Polyglot machines

2 Jan 2024

How artificial intelligence learns the rich variety of human languages: Hinrich Schütze, computational linguist at LMU, researches multilingual software that can do small languages. From the research magazine EINSICHTEN

Quantum leaps in the treatment of language: computational linguist Hinrich Schütze works at the interface between linguistics and computer science.

© Oliver Jung / LMU

In mid-September 2023, a video circulated on social media featuring a young man who goes by the handle “Jon Finger” on Twitter (X).

In English, he extols the virtues of a new, AI-powered automatic translation software, which is supposedly capable of rendering the speech of any speaker captured on video into pretty much any language out there – in their own voice, lip-synced, regardless of the position of the camera and their face, and independently of light conditions and ambient noise. It is touted as a program for simultaneous interpreting under natural conditions, one that is so accomplished that the viewer does not realize that translation software is responsible for the images (lip movements), sound (voice), and languages spoken – and not a polyglot speaker.

Einsichten-Cover: Echt Jetzt - Künstlich, Natürlich: Die Grenzen verschwimmen


Read more about the boundary between the natural and the artificial in the current issue of our research magazine EINSICHTEN at | © LMU

As a video, the film impresses with its matter-of-fact presentation and lo-fi esthetics: no polished visuals, no preening CEO, no contrived ambience, no bells and whistles. The video stops. And immediately starts up again. This time, the young man speaks French without an accent. But the images are the exact same as before when he was speaking English. The video stops and resumes again. This time, he is speaking German. The viewer hears and sees the same speaker saying the same script, only in a different language. Even if you look closely, you cannot see any lip movements that seem ‘off,’ and you do not hear any voice other than that of the original speaker. Jon Finger’s company is called HeyGen and its advertising slogan proclaims: “No camera? No crew? No problem!”

But in reality, things are not so easy and there are substantial problems that remain to be solved.

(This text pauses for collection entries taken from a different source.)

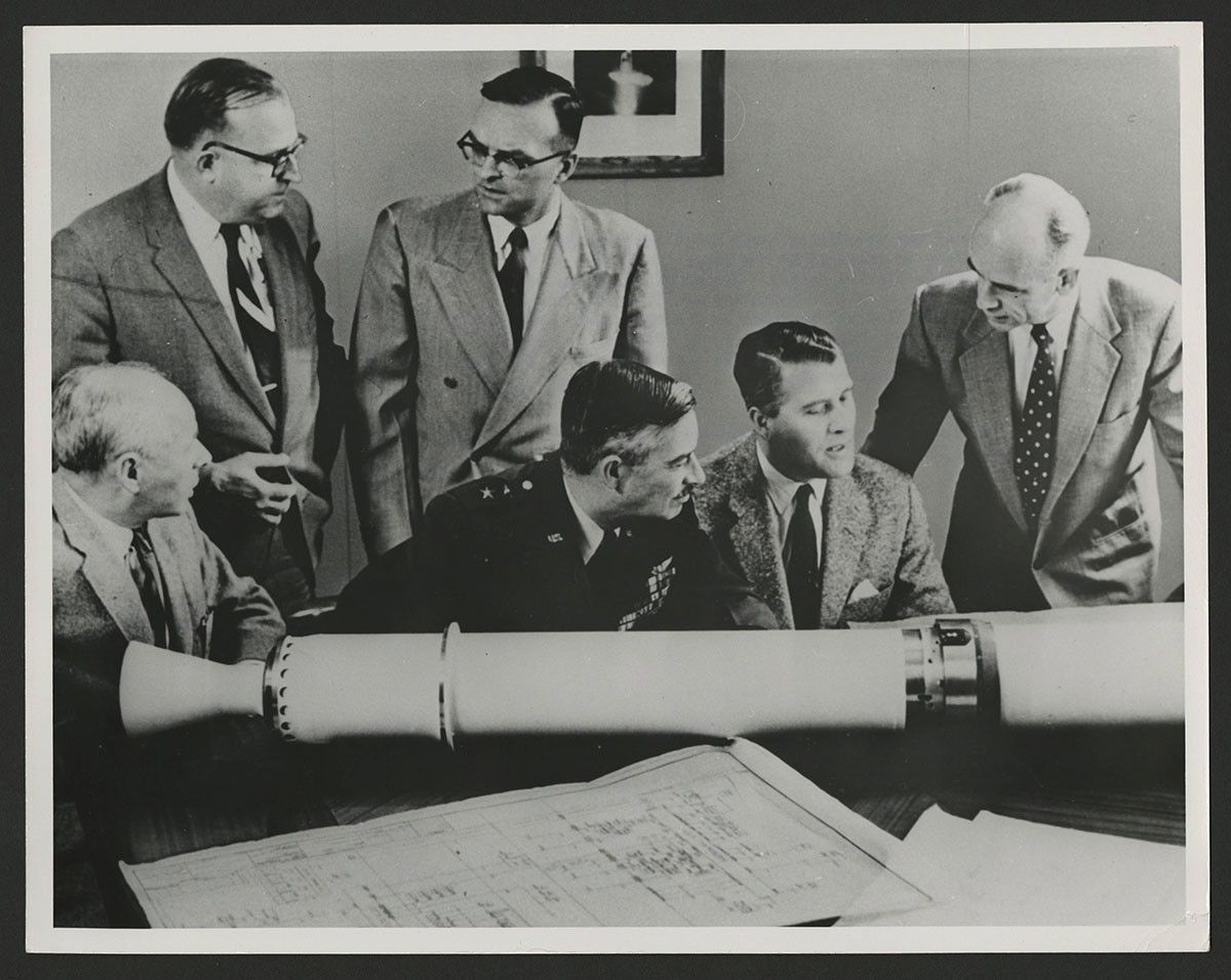 This U.S. Army photograph from 1958 shows an actual-size (80.75 inches) prototype of Explorer 1 being examined by project officers at the Army Ballistic Missile Agency in Huntsville, Alabama. The model shows the assembled satellite and the final stage rocket, which orbited together as a single unit. From left to right: (front) Eberhard Rees, Major General John B. Medaris, Wernher von Braun and Ernst Stuhlinger; (back) W. A. Mrazek, and Walter Haeussermann.
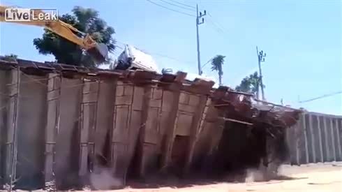 这下麻烦了 实拍水泥搅拌车翻下高墙
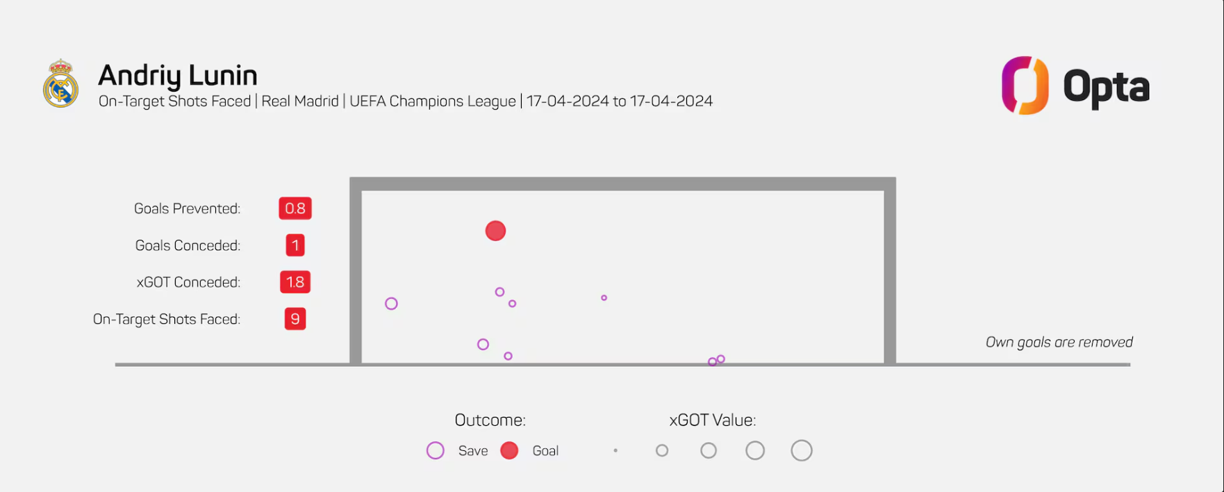 就这样来到了这个赛季,本来没什么出场机会(只在奥林匹亚科斯、塔拉韦拉和阿尔瓦塞特踢了几场),直到库尔图瓦在欧冠对阵曼城时右腿股四头肌直肌撕裂,卢宁再次迎来了机会。他在伊蒂哈德球场表现神勇,马德里德比面对马竞更是完成了8次扑救,成功率接近87%。
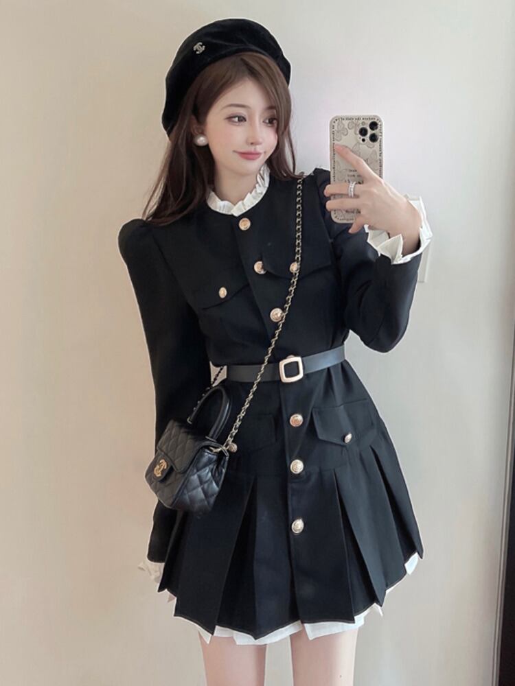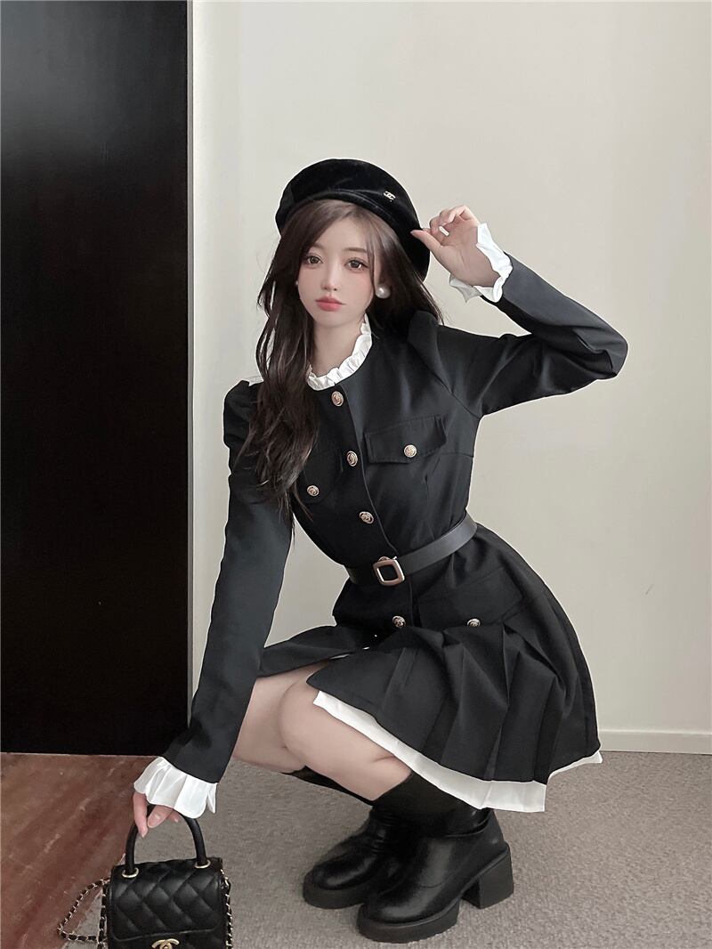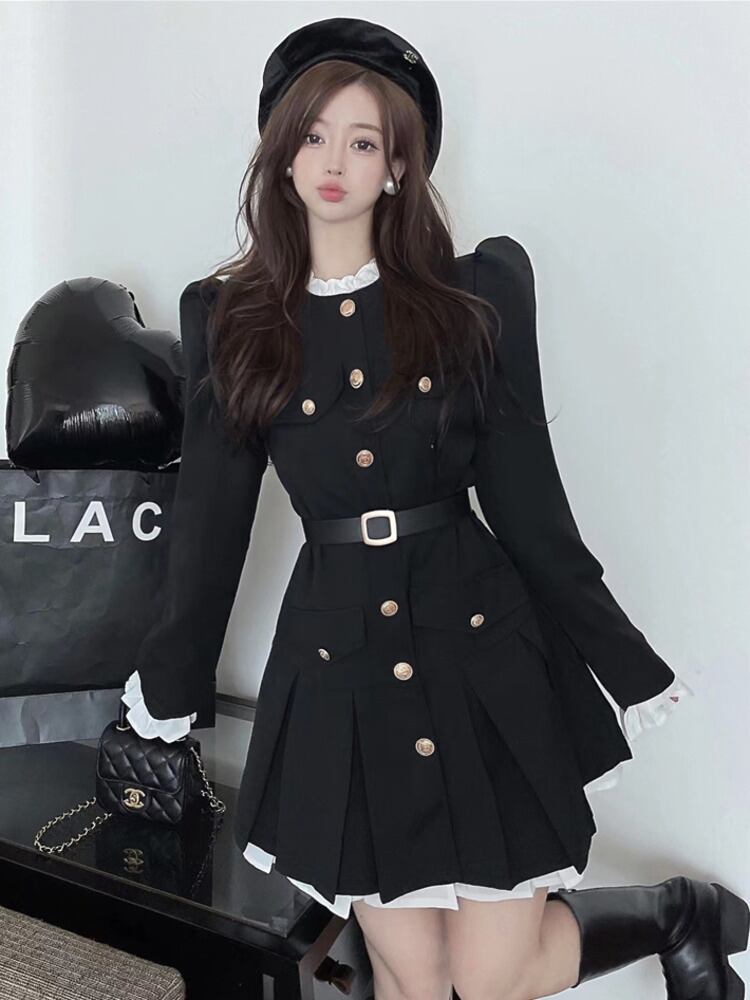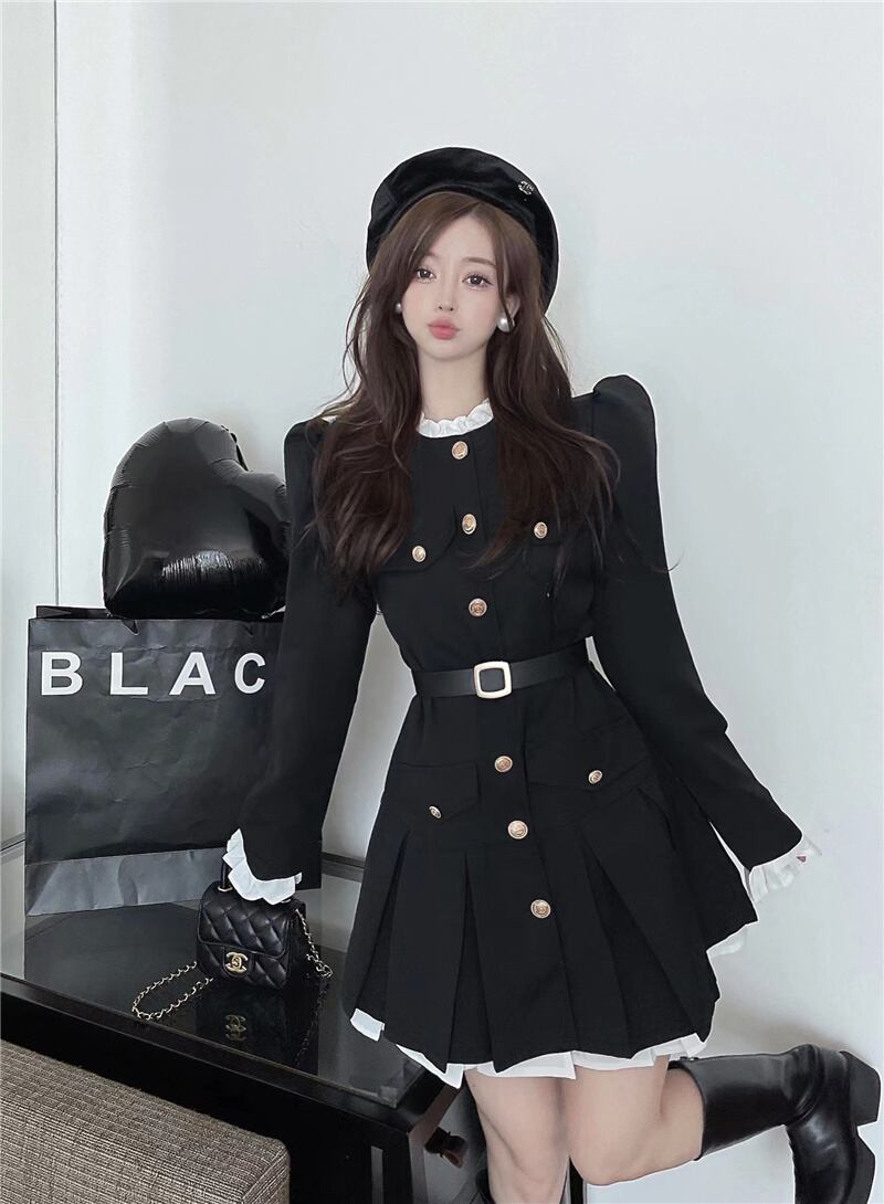 秋冬フレンチスモールフレグランスドレス甘いスリムミニプリーツドレス 大人ガーリー スウィート キュート カジュアル オータム 秋物 ウィンター 冬物
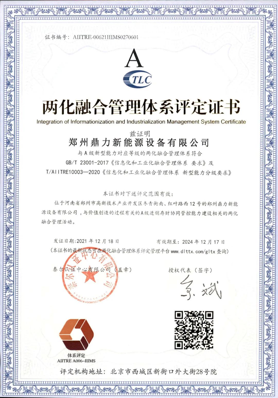 5、2021年12月鄭州鼎力榮獲兩化融合管理體系評(píng)定證書
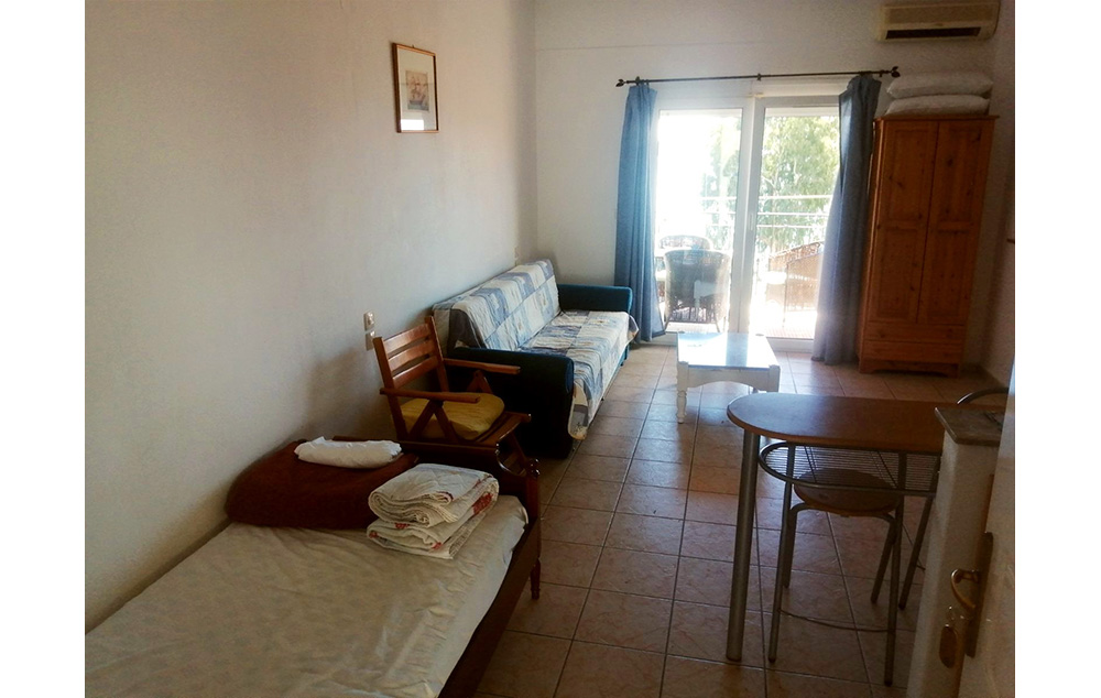Vila Noula se nalazi u lepom mediteranskom vrtu, na idealnoj lokaciji, oko jedan kilometar od centra grada, pored plaže Megali Amos (Velika plaža). Od kraja Megali Amos plaže (jedne od najlepših na ostrvu) deli je samo bašta – dvorište i glavni put. Do centralnog dela ove prelepe plaže je oko 250 metara. Studiji vile Noula su smešteni na prvom spratu, a apartmani na drugom i svi su sa pogledom na dvorište, more i plažu, opremljeni klima uredjajem (uz doplatu na licu mesta (opcija), 8 eur dnevno po studiju/apartmanu) i wi – fi Internetom i TV – om. Dvokrevetni i trokrevetni studiji sadrže opremljenu malu kuhinju sa delom za spavanje sa dva, odnosno tri standardna ležaja ili francuski i standardni, kupatilo i lepu terasu sa garniturom za sedenje. Veličina studija je cca 18 – 20 kvm + terasa. Četvorokrevetni apartman se sastoji od prostorije – sobe, u kojoj se nalazi mala kuhinja i dva ležaja (standardni i sofa na kojoj moze spavati odrasla osoba), spavaće sobe sa dva standardna ležaja, kupatila (ulaz iz spavaće sobe) i velike terase sa garniturom za sedenje i pogledom na more. Veličina apartmana je cca 28 kvm + terase. Vila Noula je B kategorije, ima peškire i mogućnost sopstvenog parkinga za ograničen broj vozila. Najbliži mini market je udaljen oko 250 metara, a restoran oko 650 metara. Vila je idealna za mlade zbog blizine grada, ali i za porodice, jer je plaža u neposrednoj blizini, a veliki vrt i dvorište na raspolaganju deci. Kuhinje u studijima i apartmanima su odgovarajuće za pripremanje manje komplikovanih obroka, pogodne za tzv. “light cooking, snekove, testenine…”.
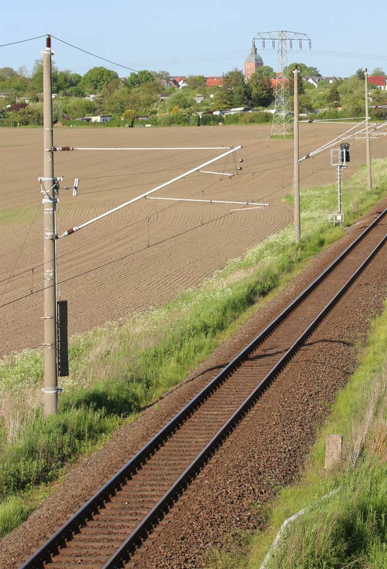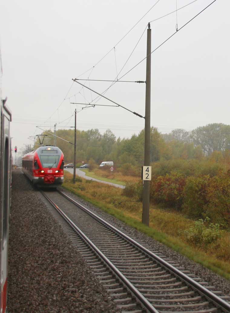 km 70,8 zwischen Rostock-Kassebohm und Abzw Rostock Warnowbrücke West - Blick Richtung Rostock
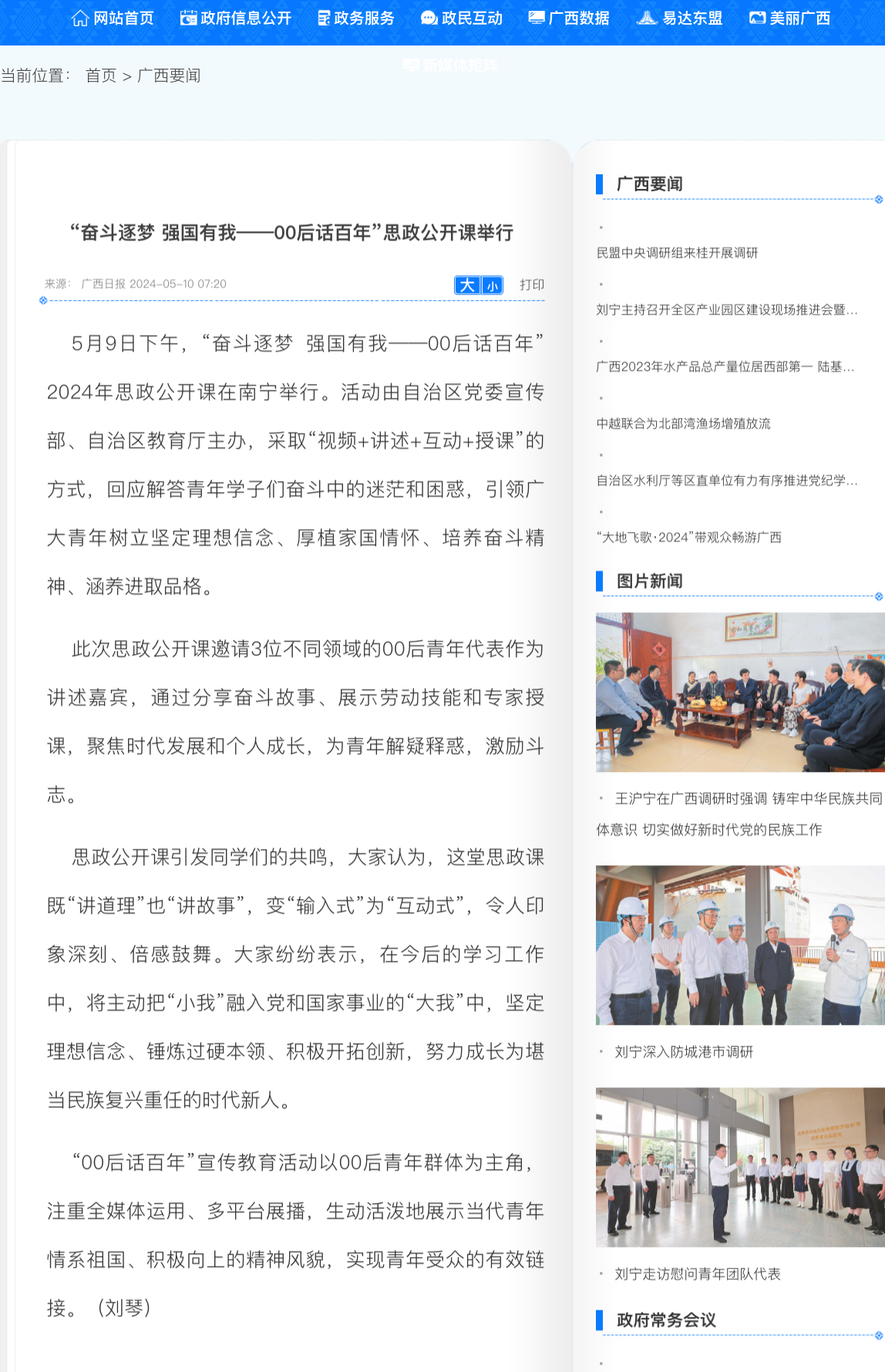 【广西壮族自治区人民政府网站】“奋斗逐梦 强国有我——00后话百年”思政公开课举行
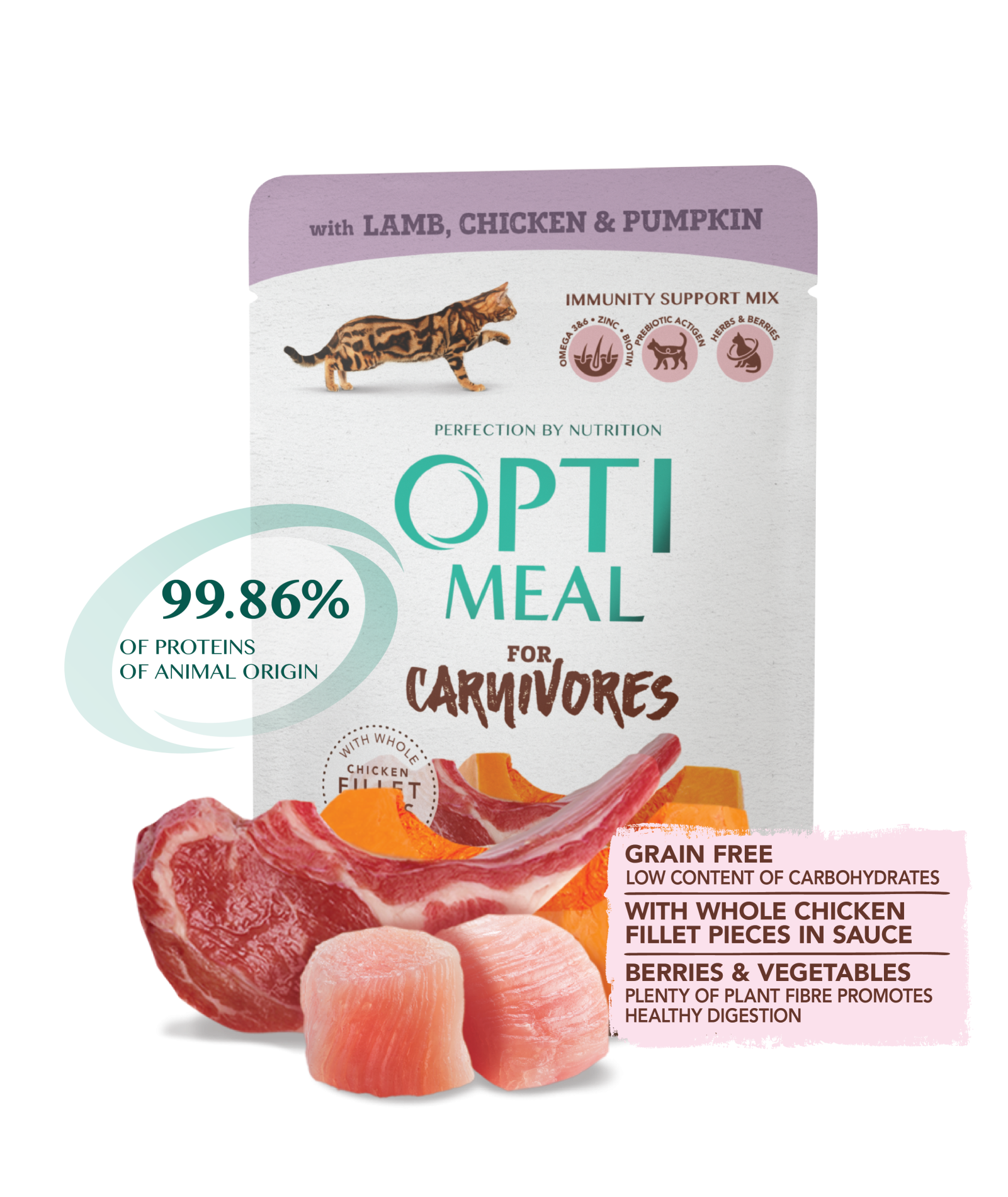 Skład: Mięso i produkty pochodzenia zwierzęcego (nie mniej niż 95% w kawałkach), w tym 17% filetów z kurczaka, 4% jagnięciny, produkty uboczne pochodzenia roślinnego (dynia 2%, żurawina 0,05%, posiłek z nagietka lekarskiego (źródło luteiny) 0, 01%, korzeń łopianu, korzeń prawoślazu lekarskiego, kwiaty rumianku 0,01%, pokrzywa 0,01%, tymianek 0,01%), minerały, oleje i tłuszcze (olej łososiowy, olej z ogórecznika), różne cukry (naturalny brązowy kolor), Actigen ™ (źródło prebiotycznych mannanoligosacharydów) 0,01%, MacroGard® (źródło ß-glukanu) 0,01%.

Automatic translation still presents a technical challenge, even if people’s expectations have fundamentally changed. After all, natural language processing (NLP) operates in a cycle: Language spoken by humans is acoustically captured by a machine, which converts it into text. The textual data is semantically processed and then translated and converted into another spoken language. Implementation of each of these steps was in its infancy just half a decade ago.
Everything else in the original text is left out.